薛寶釵帶著疑問踏入家門,管家將她引至前廳,看見了滿臉焦躁不安的薛明義。
薛明義等得嘴裡都要冒火,看見她來,幾步衝上前,將手握拳揮了揮,又頹然放下。
“你一個女兒家見天兒的朝外跑,像什麼話!你去了哪裡了?”薛明義強壓著火氣,高聲問道。
可是這世上,並不是誰高聲,誰就佔據了主動的位置。
寶釵微微一笑,款款行到上首主位坐下,又溫聲道:
“二叔何時來訪?竟也不曾使個人提前說一聲兒,好叫侄女守在家裡候著二叔。
那些勞什子尋合作,談生意的,到底沒有咱們家裡人重要。
叫二叔等得心急了,實是侄女的罪過,等會兒侄女定去祖宗牌位前頭跪著,好叫二叔消了火氣。

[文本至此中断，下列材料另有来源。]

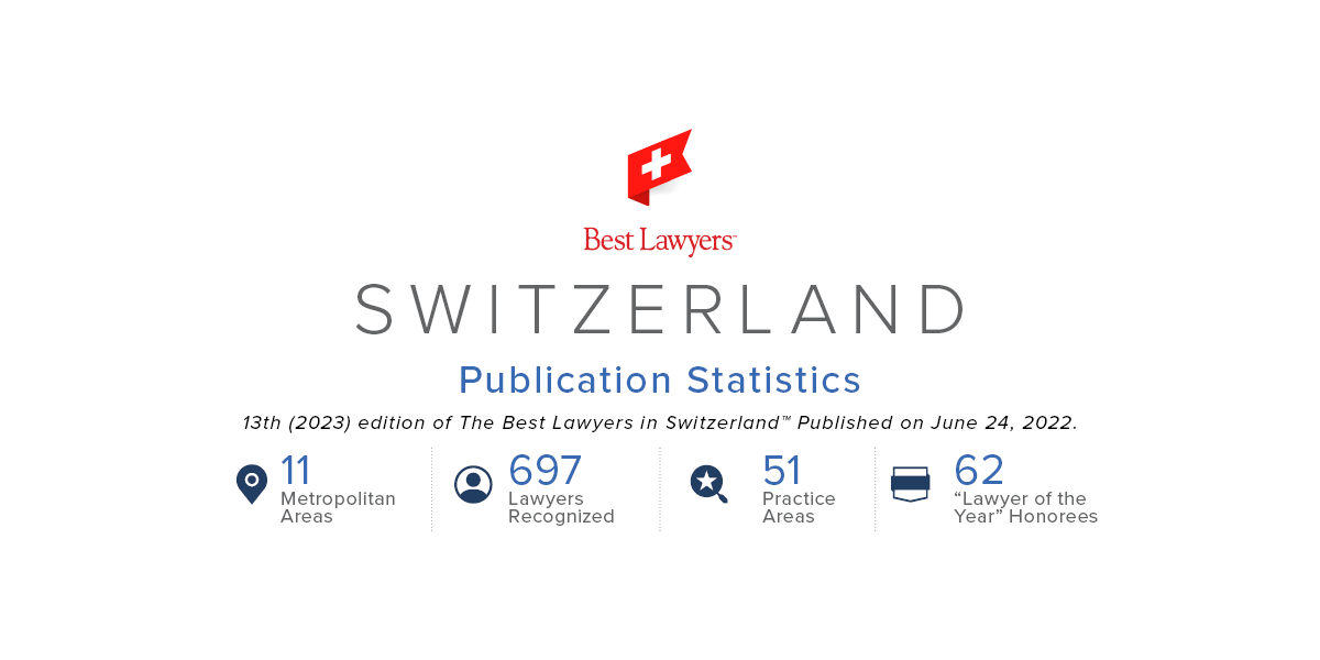 It is our honor to announce the 2023 edition of The Best Lawyers in Switzerland™. For the 13th Edition, Best Lawyers honored 697 lawyers in 51 practice areas.

”
她這話說得好聽,語氣卻極為輕佻,似乎並沒有將薛明義的怒氣放在心裡,隨口哄孩子罷了。
薛明義脹紅了臉,想要發火,卻猛然想起來自己的來意。
他可不是來跟薛寶釵吵架的!
他深深地吸了一口氣,往一旁椅子上重重坐了。
“好侄女,我這邊差點兒因為呂家進了地牢,你卻悠哉悠哉與呂家做起生意來了。
世人都道‘商人重利輕別離’,看來我這大侄女也深得其中精髓,要拿你的親二叔換個好前程了。”
他彆著頭,冷笑著說道。
雖呂家現在還不曾拿他怎麼樣,可他的心到底還是懸著,又苦等寶釵半日,心中早就憤懣難當。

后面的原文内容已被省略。